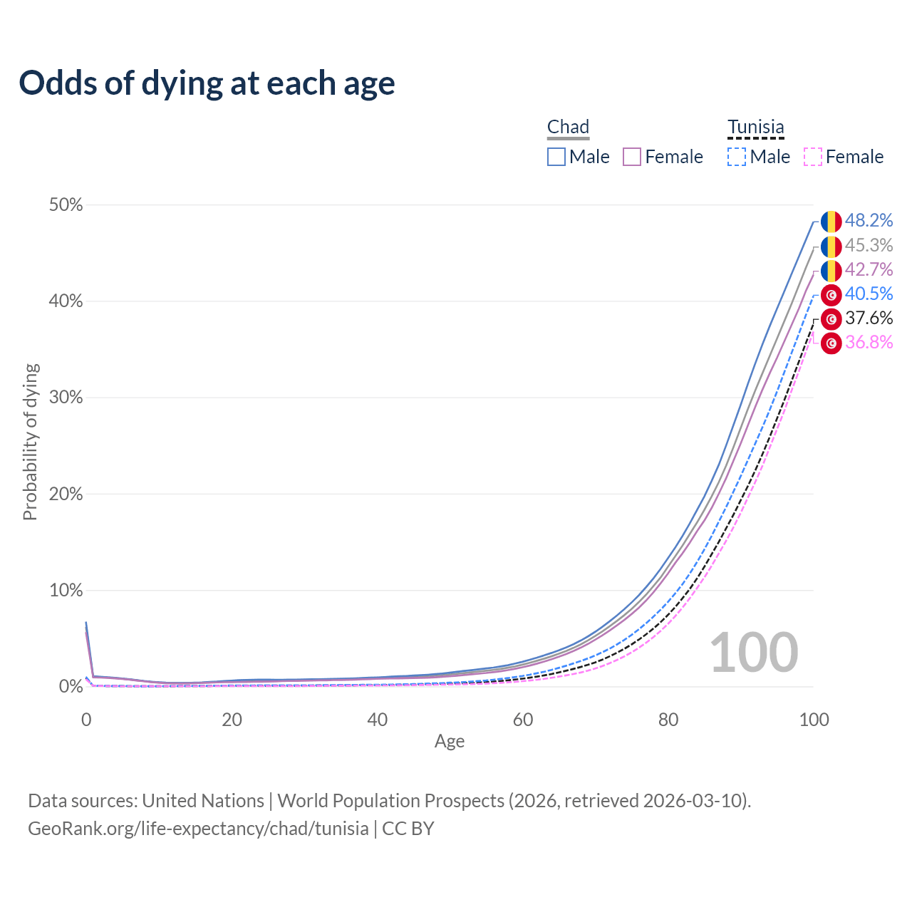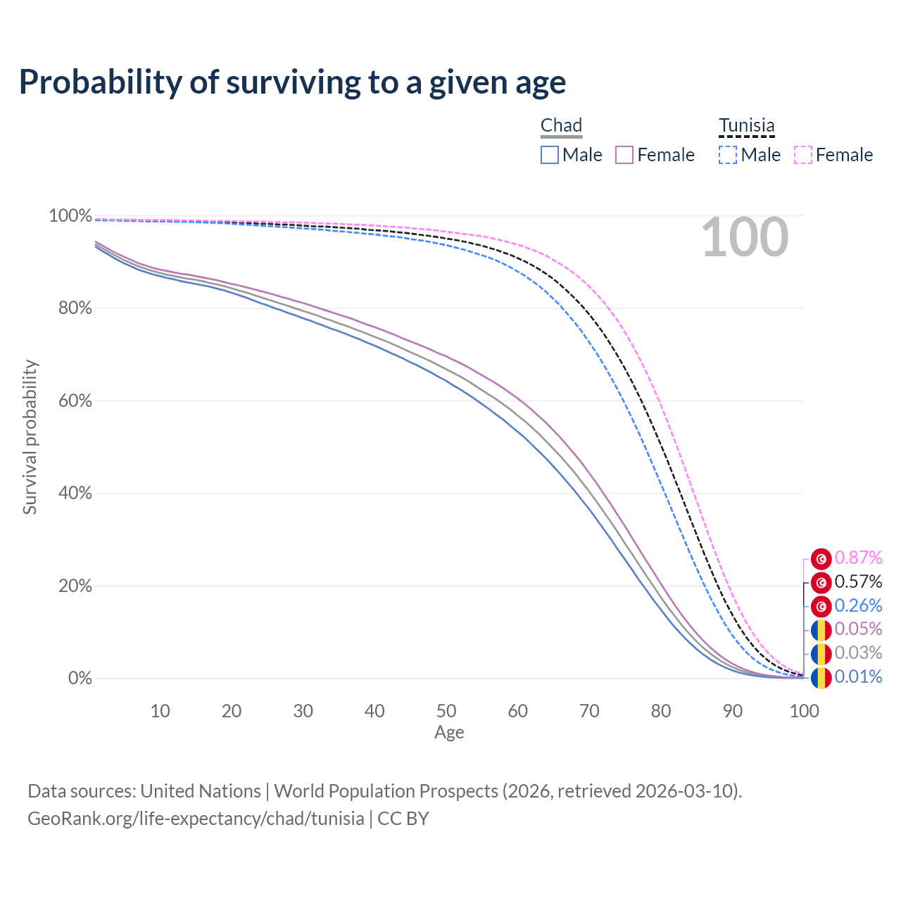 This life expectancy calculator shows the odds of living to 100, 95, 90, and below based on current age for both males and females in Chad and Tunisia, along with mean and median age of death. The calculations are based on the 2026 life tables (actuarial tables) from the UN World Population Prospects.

▬▬▬

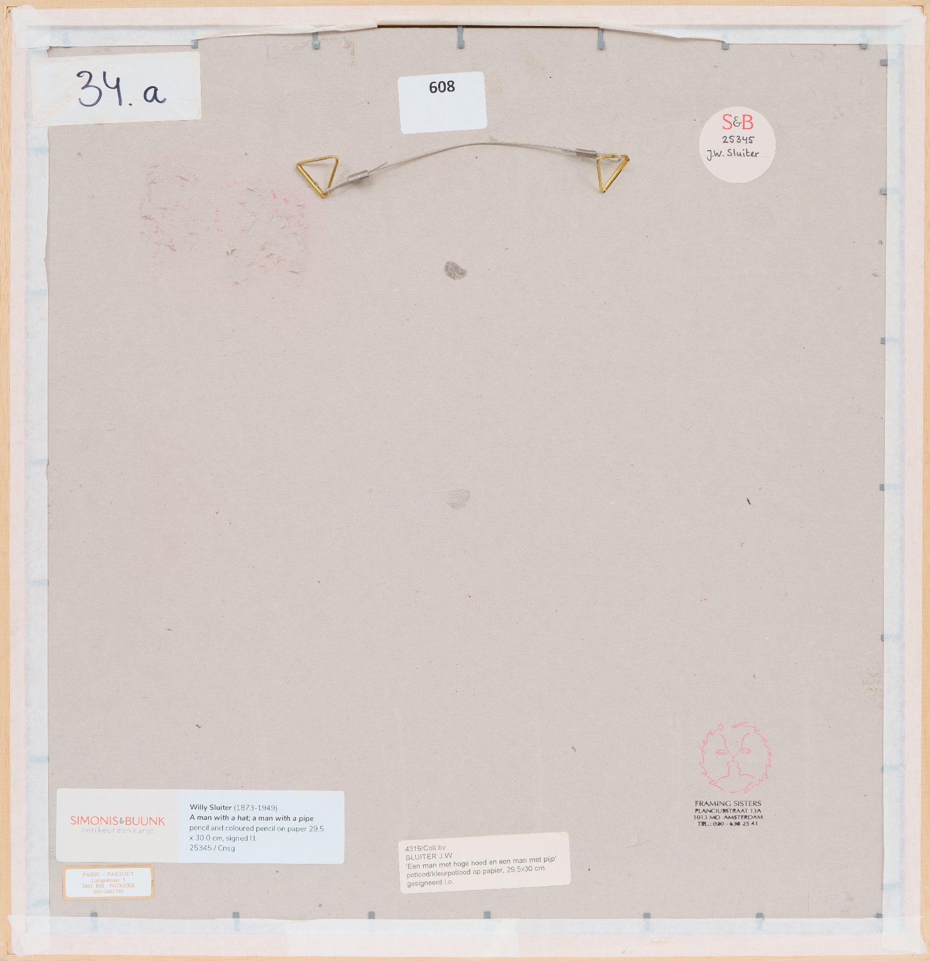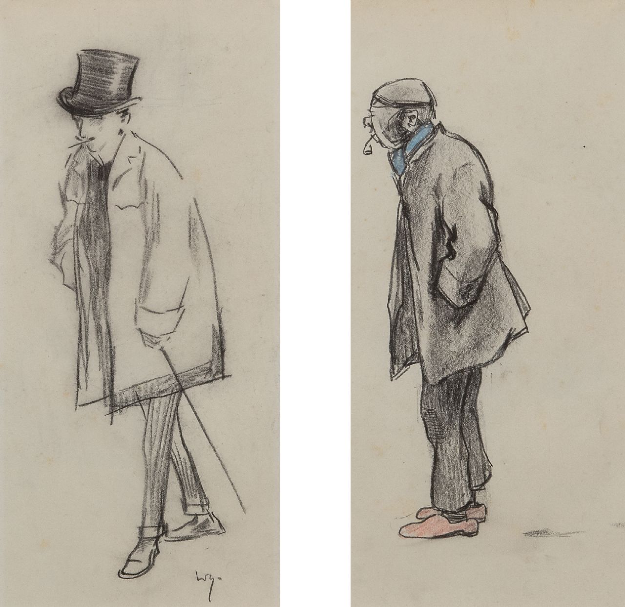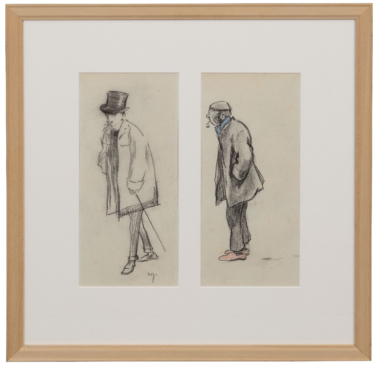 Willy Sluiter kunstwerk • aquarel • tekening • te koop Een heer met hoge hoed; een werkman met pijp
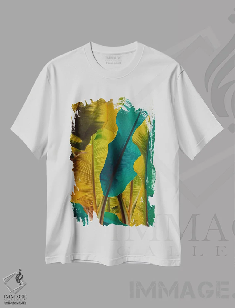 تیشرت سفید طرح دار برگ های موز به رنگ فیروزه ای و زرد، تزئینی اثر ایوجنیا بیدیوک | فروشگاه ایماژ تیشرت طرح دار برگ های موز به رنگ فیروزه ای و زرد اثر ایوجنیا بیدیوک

▬▬▬

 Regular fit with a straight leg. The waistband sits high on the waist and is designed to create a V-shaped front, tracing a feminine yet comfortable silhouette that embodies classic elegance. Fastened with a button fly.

▬▬▬

WORK TASK:
Would you restate, exactly and with no pictures, the lines of the entries above from the one containing "Willy Sluiter kunstwerk" through the one containing "تیشرت سفید طرح"?

SOLUTION:
 Willy Sluiter kunstwerk • aquarel • tekening • te koop Een heer met hoge hoed; een werkman met pijp
 تیشرت سفید طرح دار برگ های موز به رنگ فیروزه ای و زرد، تزئینی اثر ایوجنیا بیدیوک | فروشگاه ایماژ تیشرت طرح دار برگ های موز به رنگ فیروزه ای و زرد اثر ایوجنیا بیدیوک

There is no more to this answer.